* [Given material]:
■ ■ ■ ■ ■ ■ ■
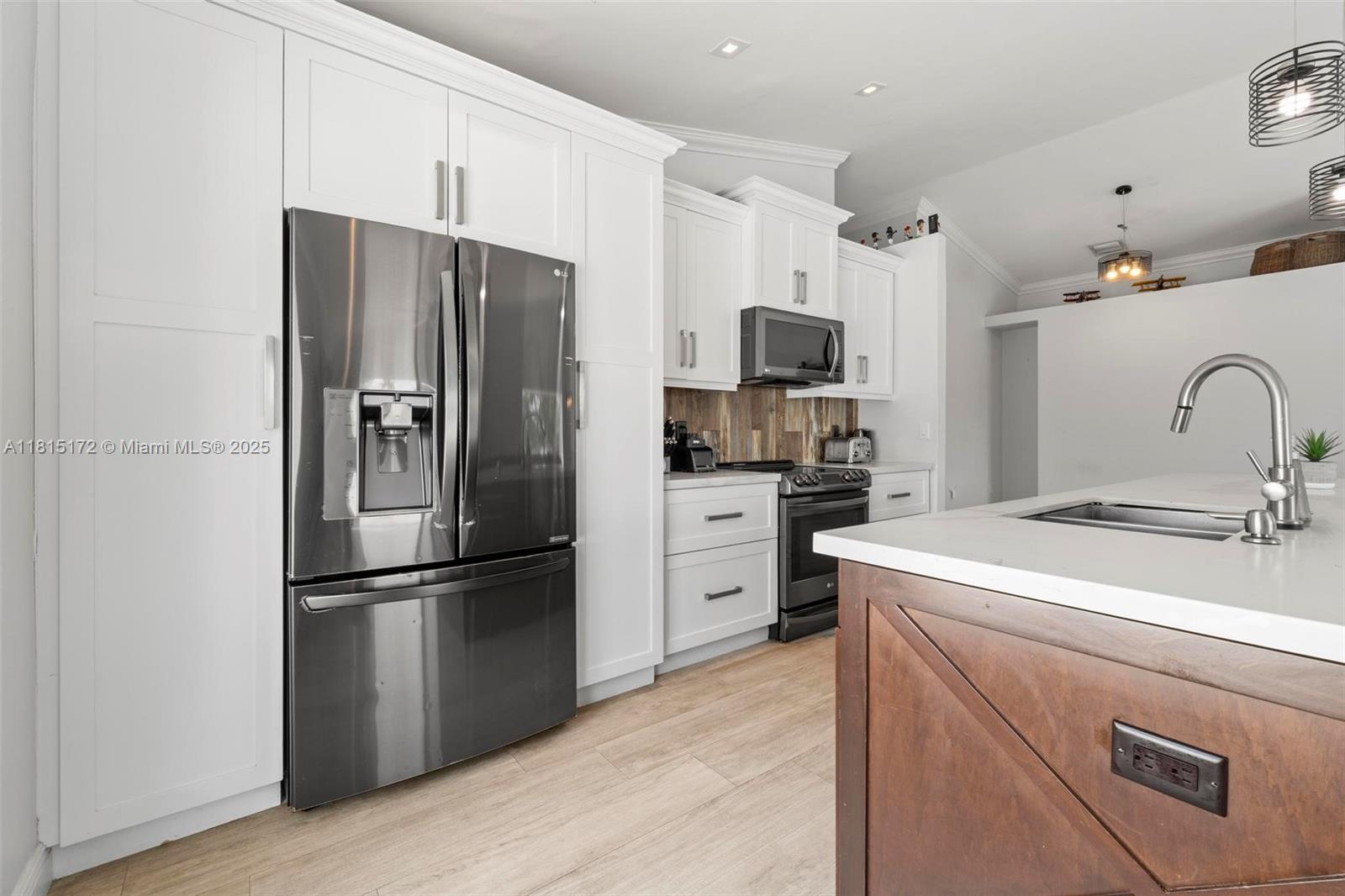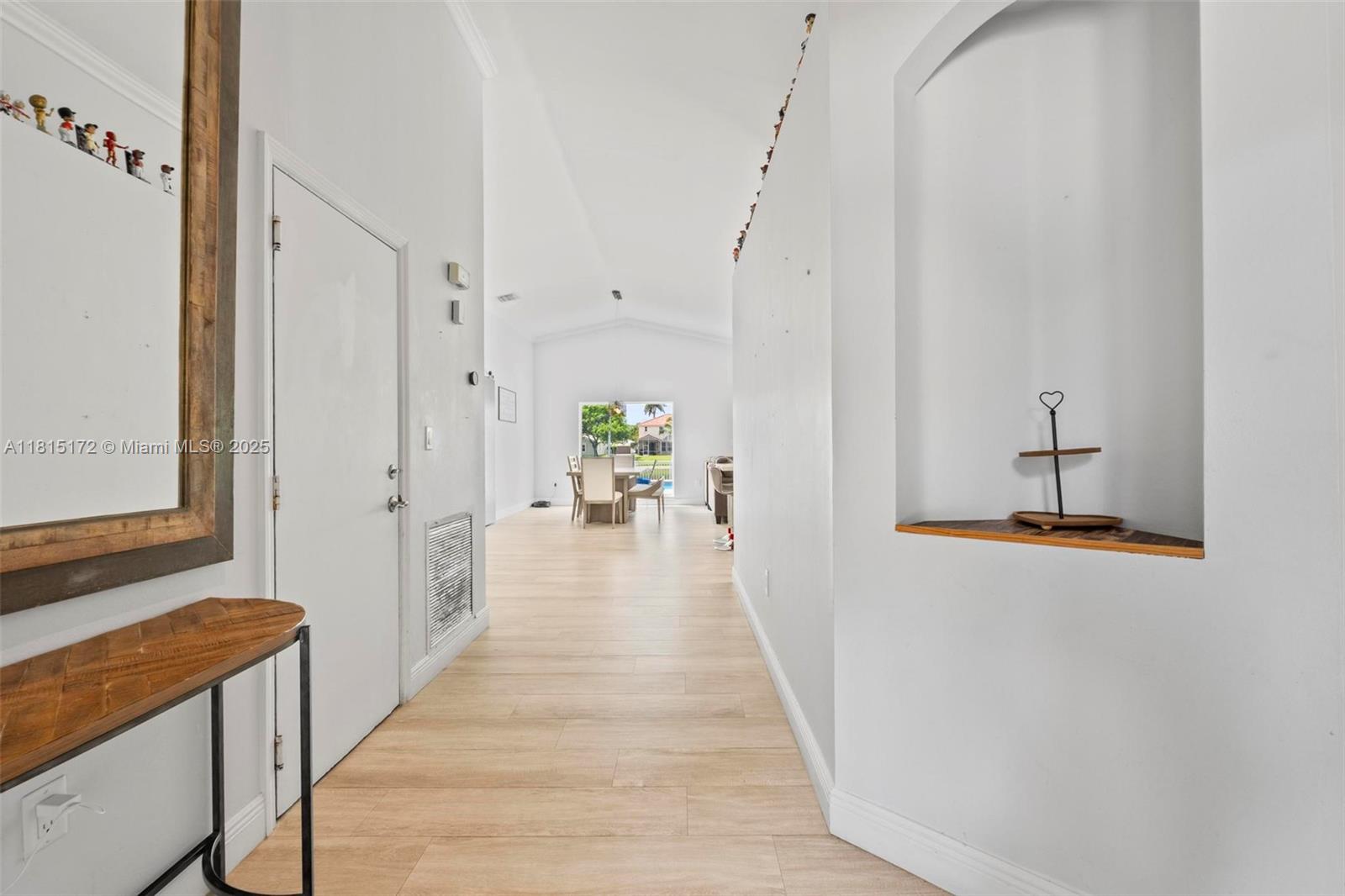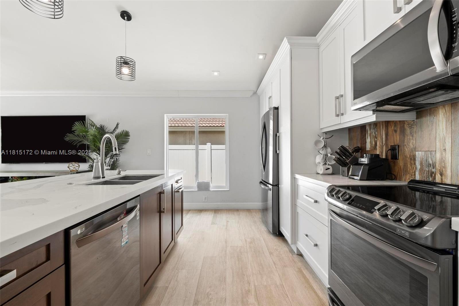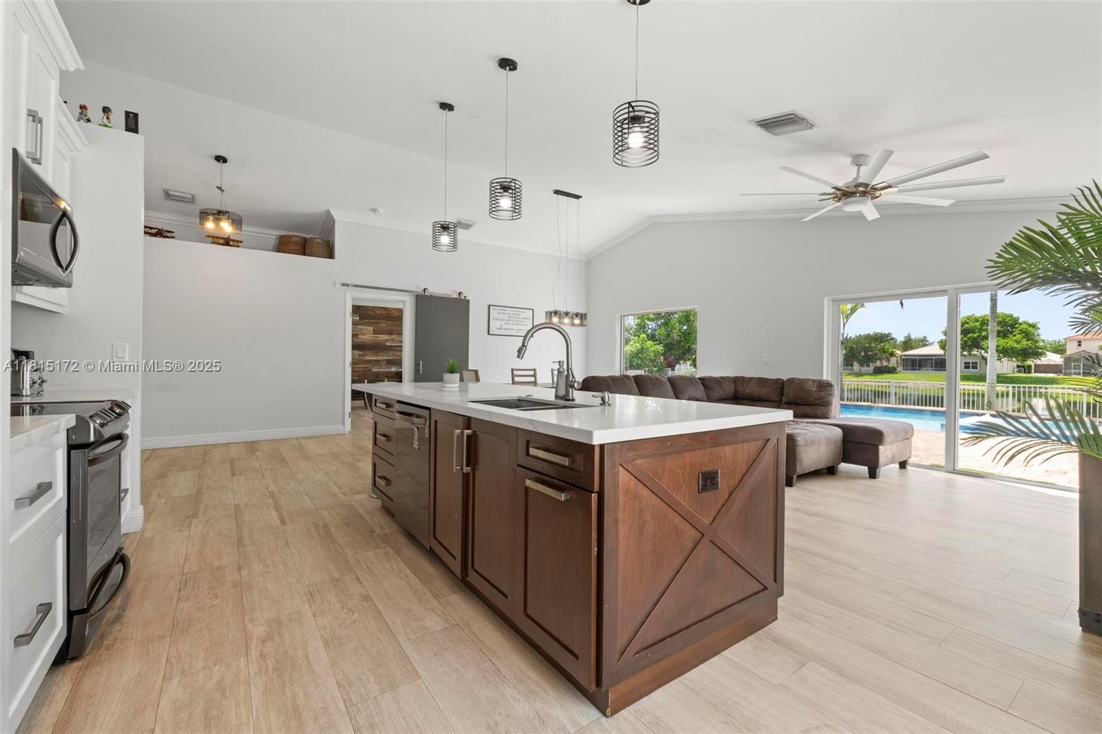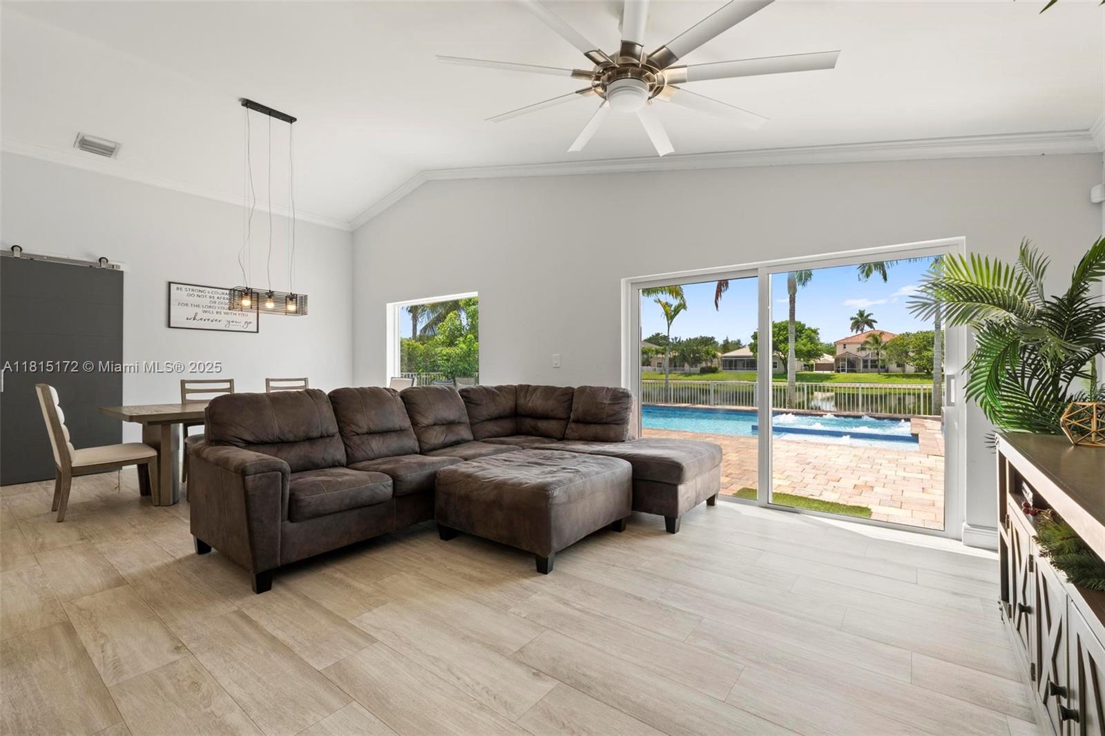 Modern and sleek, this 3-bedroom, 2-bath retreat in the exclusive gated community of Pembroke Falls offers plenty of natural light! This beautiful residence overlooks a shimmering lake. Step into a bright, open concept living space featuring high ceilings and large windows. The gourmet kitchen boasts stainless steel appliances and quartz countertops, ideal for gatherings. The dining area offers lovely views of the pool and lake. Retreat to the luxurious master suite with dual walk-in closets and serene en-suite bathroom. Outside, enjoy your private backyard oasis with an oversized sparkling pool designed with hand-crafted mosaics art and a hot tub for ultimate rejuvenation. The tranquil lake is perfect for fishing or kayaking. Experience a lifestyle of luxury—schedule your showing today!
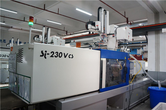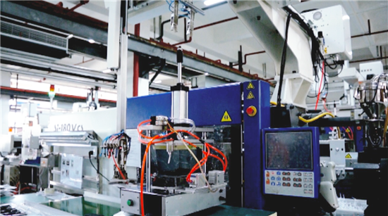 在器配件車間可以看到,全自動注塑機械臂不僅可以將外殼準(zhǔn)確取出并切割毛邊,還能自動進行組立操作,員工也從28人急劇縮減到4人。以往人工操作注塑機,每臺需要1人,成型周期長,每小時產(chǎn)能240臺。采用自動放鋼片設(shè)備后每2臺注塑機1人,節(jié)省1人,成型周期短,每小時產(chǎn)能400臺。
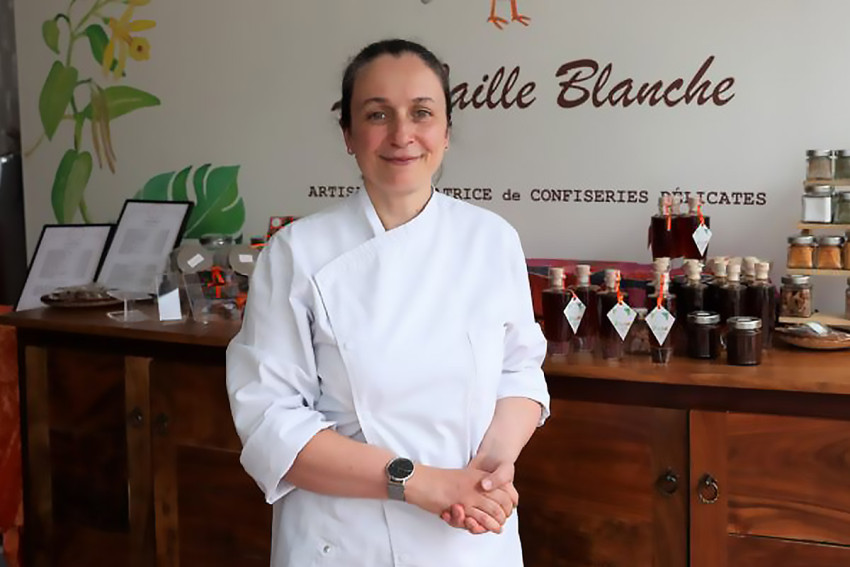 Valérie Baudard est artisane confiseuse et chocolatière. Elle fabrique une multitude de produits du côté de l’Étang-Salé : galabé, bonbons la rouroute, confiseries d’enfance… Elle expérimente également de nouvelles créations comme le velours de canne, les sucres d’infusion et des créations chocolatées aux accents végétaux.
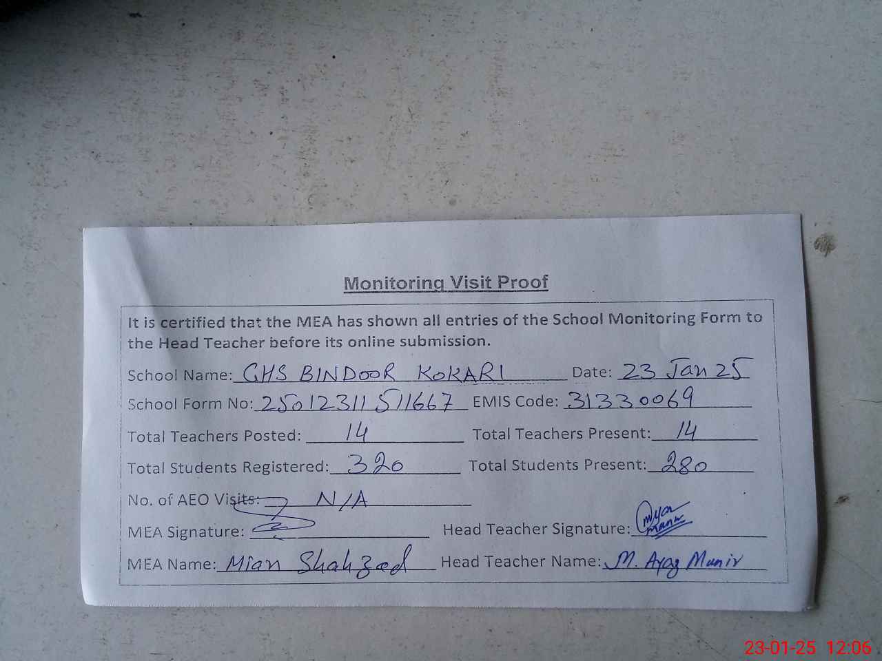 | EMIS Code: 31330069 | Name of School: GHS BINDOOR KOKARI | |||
■ ■ ■ ■ ■ ■ ■
* [Aim of the task]: Each line from the line containing "Valérie Baudard est" through the final line of the data above must be retyped exactly; nothing else, and no pictures, may appear.

* [Response area]:
 Valérie Baudard est artisane confiseuse et chocolatière. Elle fabrique une multitude de produits du côté de l’Étang-Salé : galabé, bonbons la rouroute, confiseries d’enfance… Elle expérimente également de nouvelles créations comme le velours de canne, les sucres d’infusion et des créations chocolatées aux accents végétaux.
 | EMIS Code: 31330069 | Name of School: GHS BINDOOR KOKARI | |||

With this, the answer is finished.